Por esse prisma constitucional, a ação pode ser vista, a princípio, como uma garantia de acesso aos órgãos jurisdicionais. Nessa linha, porém, aproxima-se do acesso à justiça pelo aspecto formal, de ingresso junto aos órgãos jurisdicionais. Difícil, no entanto, não é garantir, nos órgãos jurisdicionais estatais, a porta de entrada, mas sim a porta de saída, com uma solução justa e célere ao jurisdicionado. Por isso é que a ação por esse enfoque reduzido seria vista apenas como o direito incondicional, genérico e abstrato que todos têm de acesso aos órgãos jurisdicionais e assim, a ação representaria apenas o poder de demandar.
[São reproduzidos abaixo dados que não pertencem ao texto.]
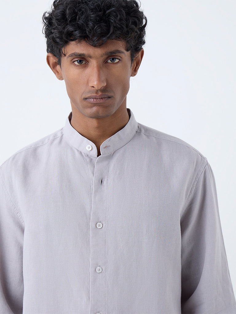 Timeless and versatile, this grey shirt from Ascot is tailored from a premium linen-blend fabric in a relaxed frame. Styled with a mandarin-neck collar, button-up front and full sleeves, it delivers quiet sophistication, making it an effortless choice for smart-casual occasions.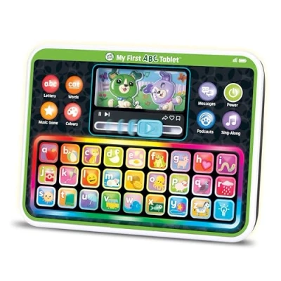 JoybuyThe LeapFrog My First ABC Tablet is an interactive learning toy for children aged 12 months and up, featuring 26 letter keys, four learning modes, fun audio with Scout and Violet, and a colorful backlit keyboard to teach letters, numbers, colors, and animals in an engaging way.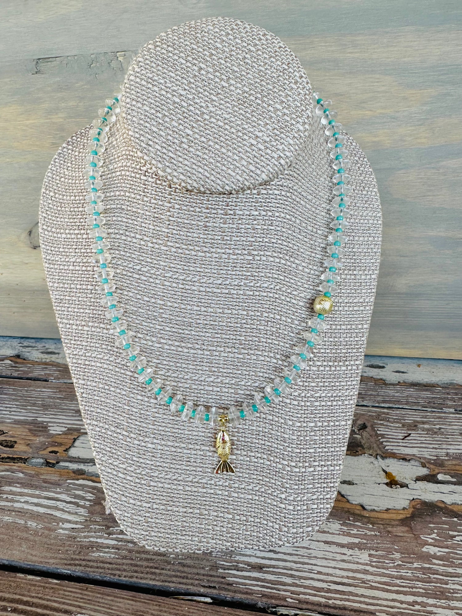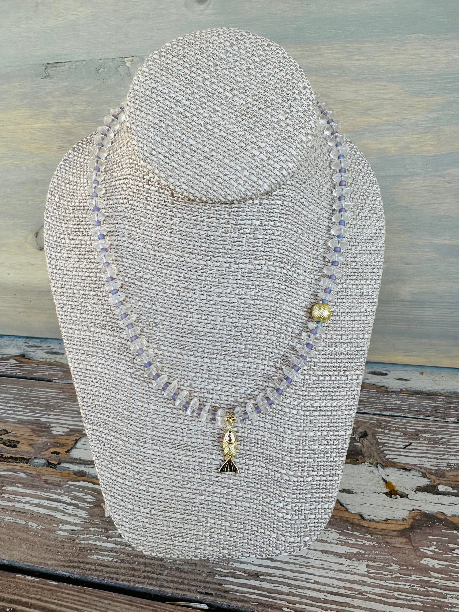 She’s graceful with clear quartz rondelle beads with peeps of color between each using glass seed beads-surprise yourself with our clear choice for romantic escapades.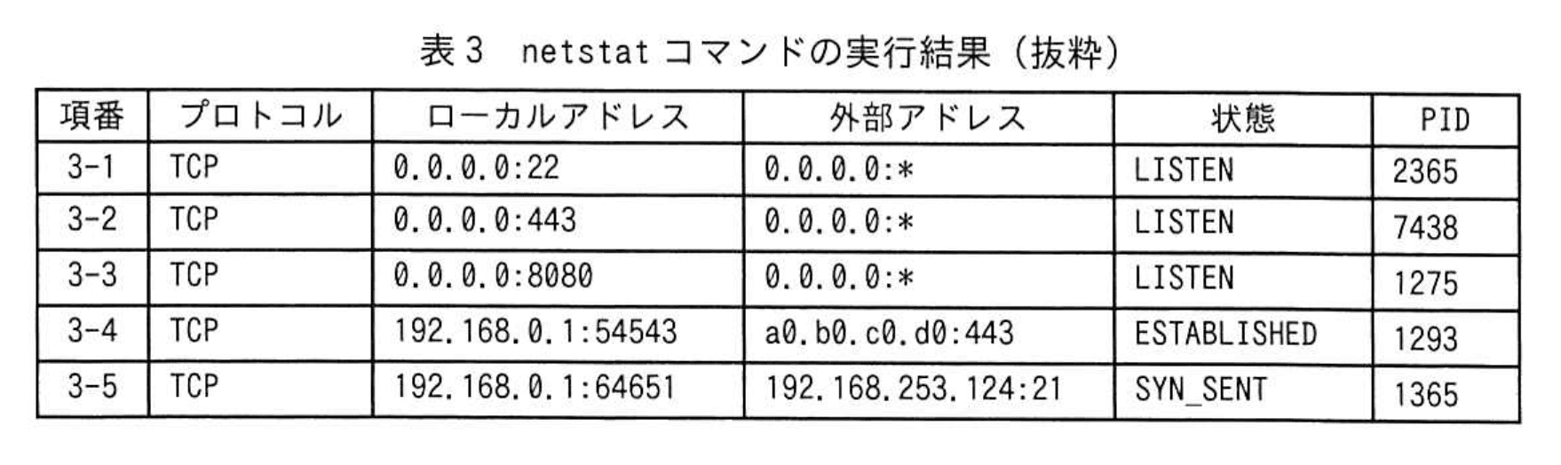 - netstat の「SYN_SENT」行(3-5)はスキャンの一部ですが PID を直接示さないため、ここだけを根拠にすると誤答になりがちです。
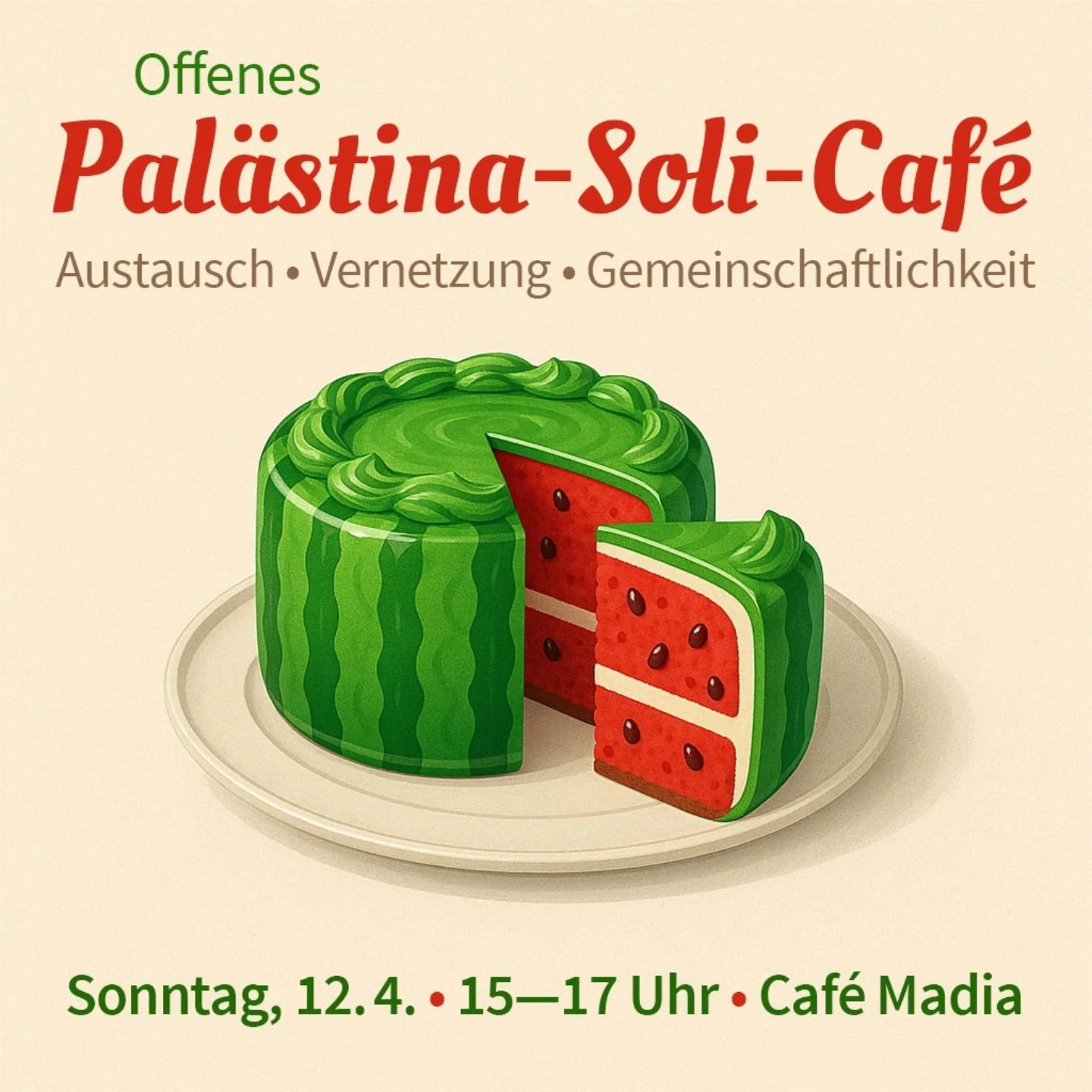 am Sonntag ist wieder unser nächstes Palästina-Soli-Café, und wir möchten euch herzlich einladen!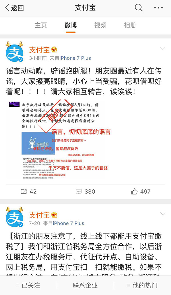 7月23日,有朋友圈传言称“蚂蚁金服8月1日起,借呗将全部停止,花呗使用限额单笔1000内,最高开放额度2000,超过部分将于8月1日内全部执行收回。”当日11时44分,支付宝官方微博对上述传言进行了回应。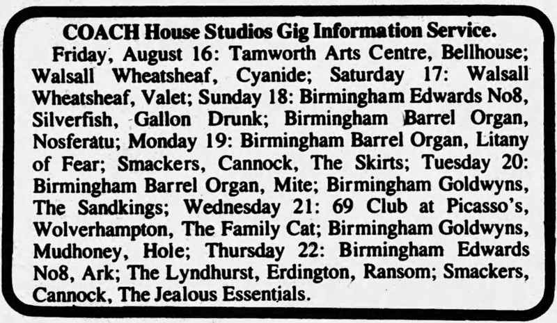 08-21-1991 Goldwyns Date: 08-21-1991 Location: Birmingham, England Venue: Goldwyns Setlist: Unknown Surfaced: No Hole Lineup: Courtney Love (Guitar/Vocals), Eric Erlandson (Guitar), Jill Emery (Bass), and Carolyn Rue (Drums). Other Bands: Mudhoney Memorabilia: Photos: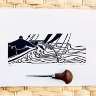 It has been printed using Caligo printing inks onto Hoshi Washi Paper. The print is 3x3 inches in size and framed with an 8x8 inch mount, backed with mount board and ready to hang in your favourite frame. This is part of an Open Edition (OE), with each print being numbered and signed. Prints and colour may vary due to the hand made nature of the printing process which makes each one unique and one of a kind.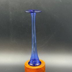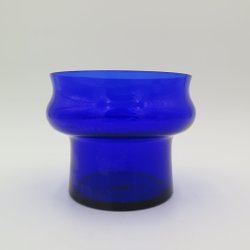 Vas i glas med runda former och blå detaljer. Vasen är 17 cm hög och har en diameter på 22 cm.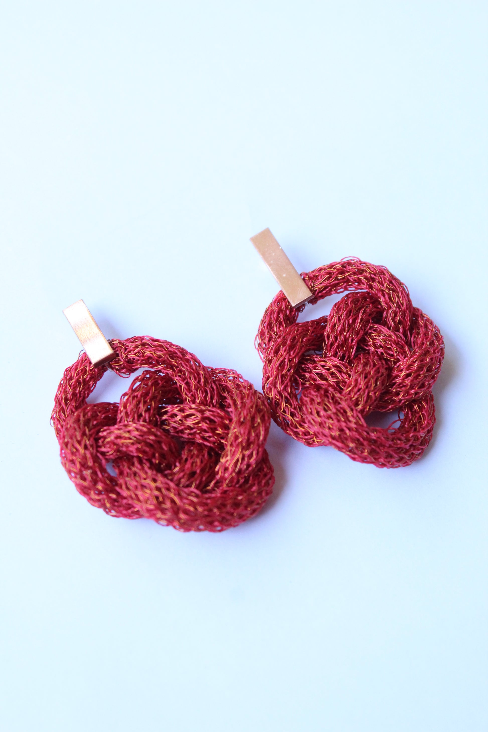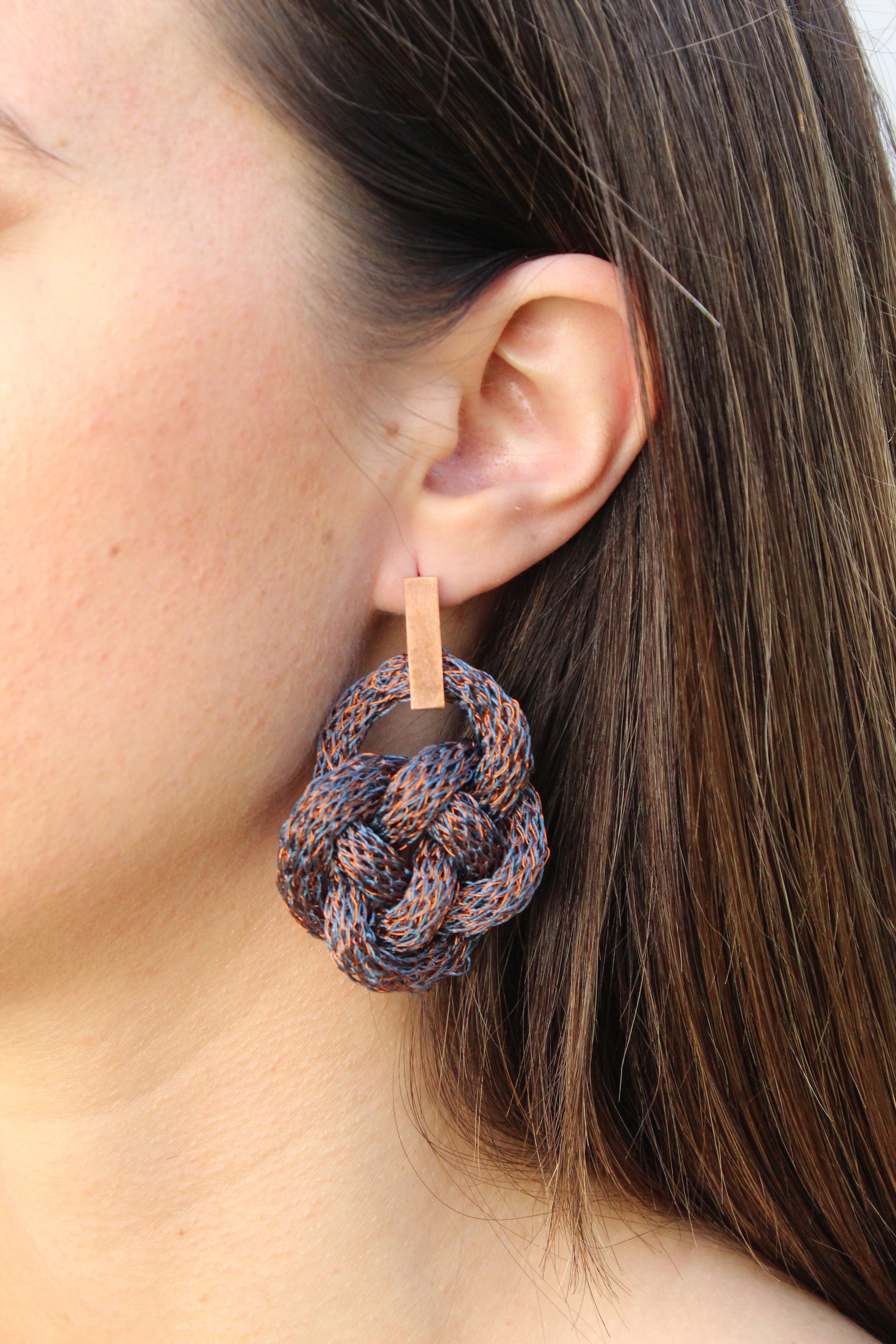 Nuestras piezas son tejidas en alambre de cobre esmaltado lo que evita que cambien de color o se oxide, sólo las argollas en las terminaciones pueden cambiar de color con el tiempo y se limpian fácilmente con jugo de limón.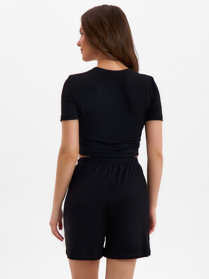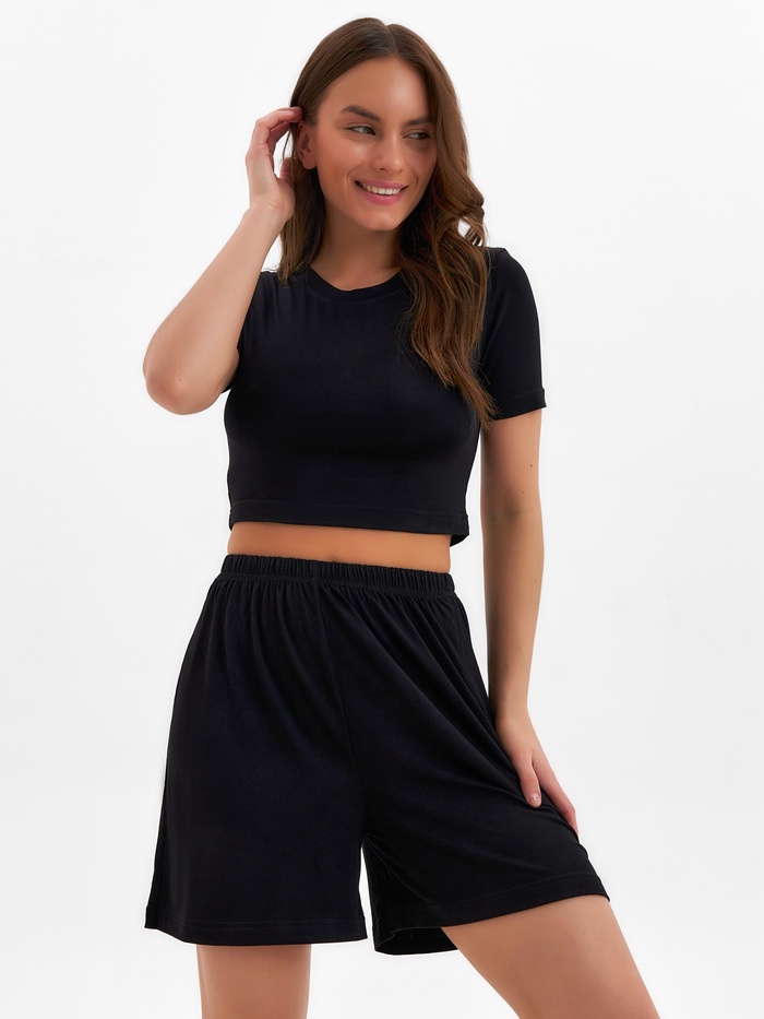 Пижама женская (футболка, шорты) MINAKU: Home collection, размер 42, чёрная — Характеристики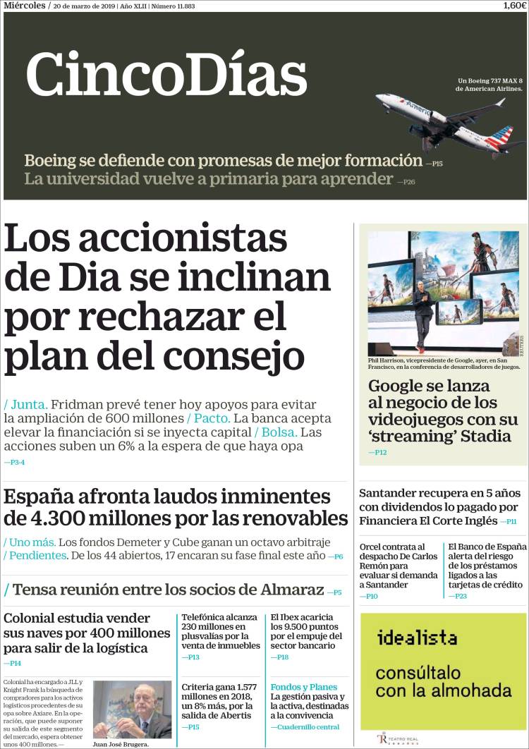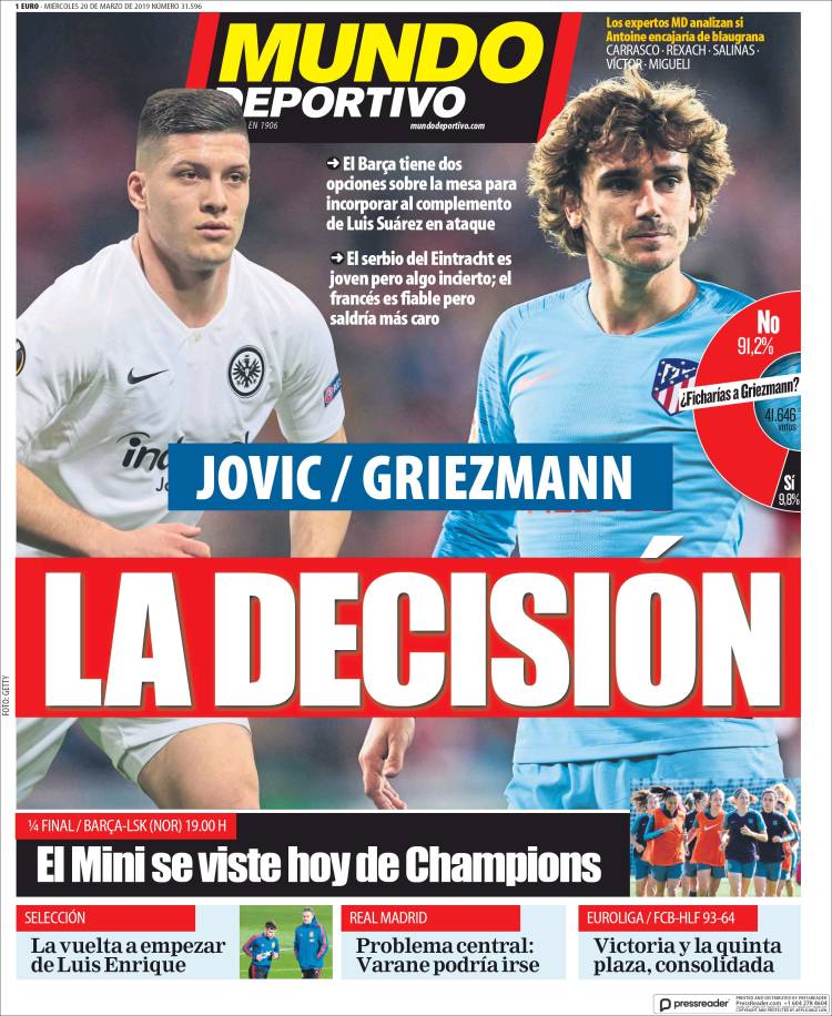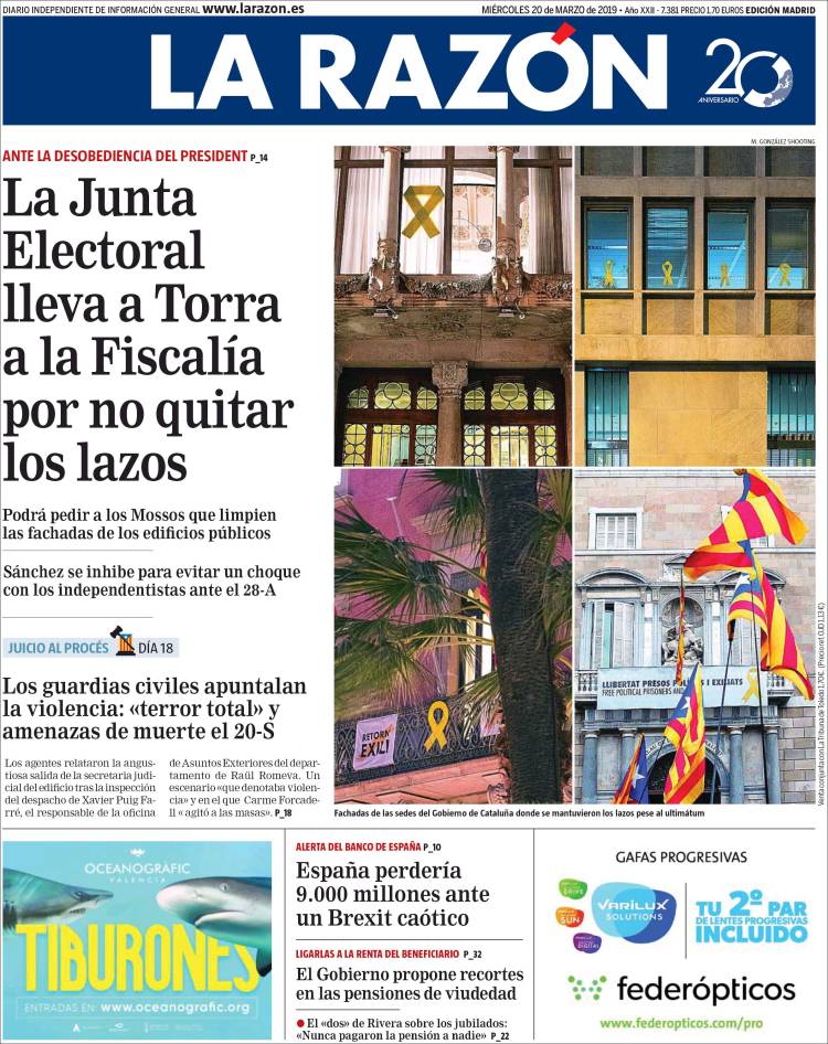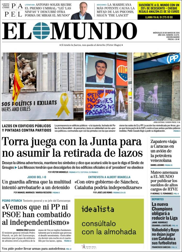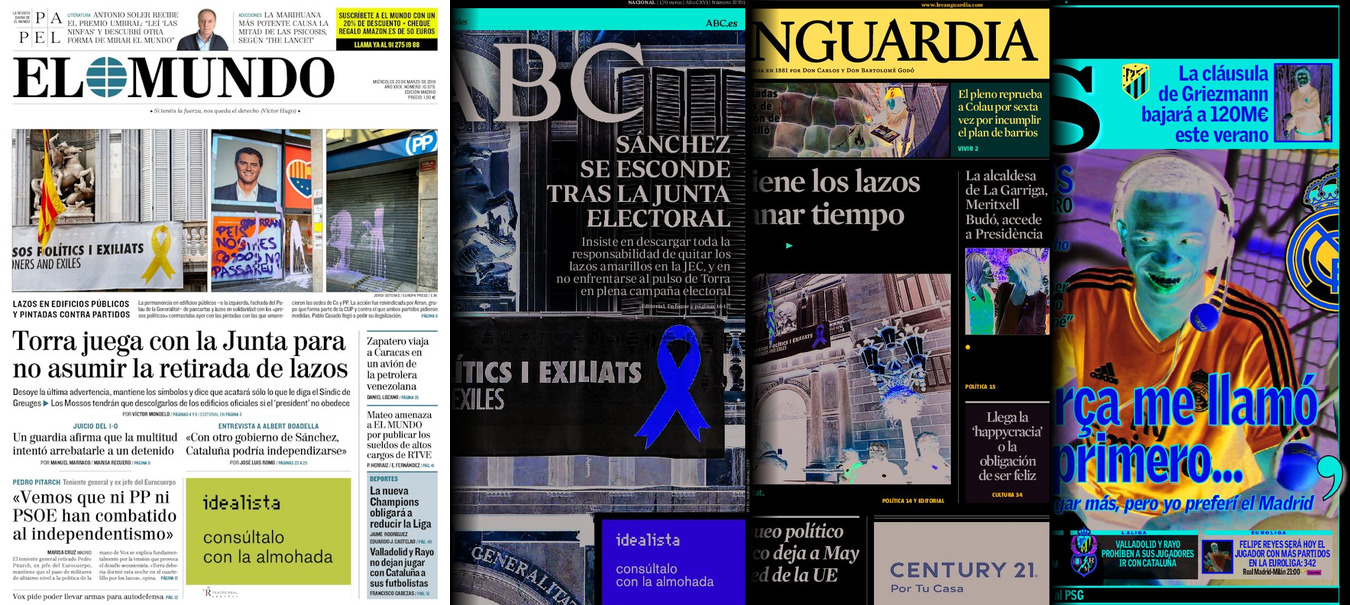 Portadas de los diarios El Mundo, El País, ABC, La Razón, La Vanguardia, CincoDías, El Economista, Marca, As, Mundo Deportivo y Sport..

Hoje, a ação deve ser vista, contudo, como o direito de exigir um provimento jurisdicional justo e célere. Celeridade, aliás, está umbilicalmente ligada à ideia de justiça. É importante que o direito constitucional de ação suplante aspectos processuais e haja sempre a prevalência do tratamento da matéria de fundo do conflito. O objetivo é tutelar o jurisdicionado e não priorizar aspectos processuais que podem ser relevados sem a ofensa de princípios e garantias superiores (Paulo Henrique dos Santos Lucon, “Novas tendências na estrutura fundamental do processo civil”, in Revista do Advogado, São Paulo, v. 46, p. 59, 2006). Por isso, o Código de Processo Civil bem sintetizou em seu artigo 4º que as partes têm o direito de obter em tempo razoável a solução integral do mérito, incluída a atividade satisfativa, de modo que a ação deve ser interpretada conforme o escopo social do processo de pacificação da lide, de promover o adequado e justo acesso à justiça com celeridade e efetividade.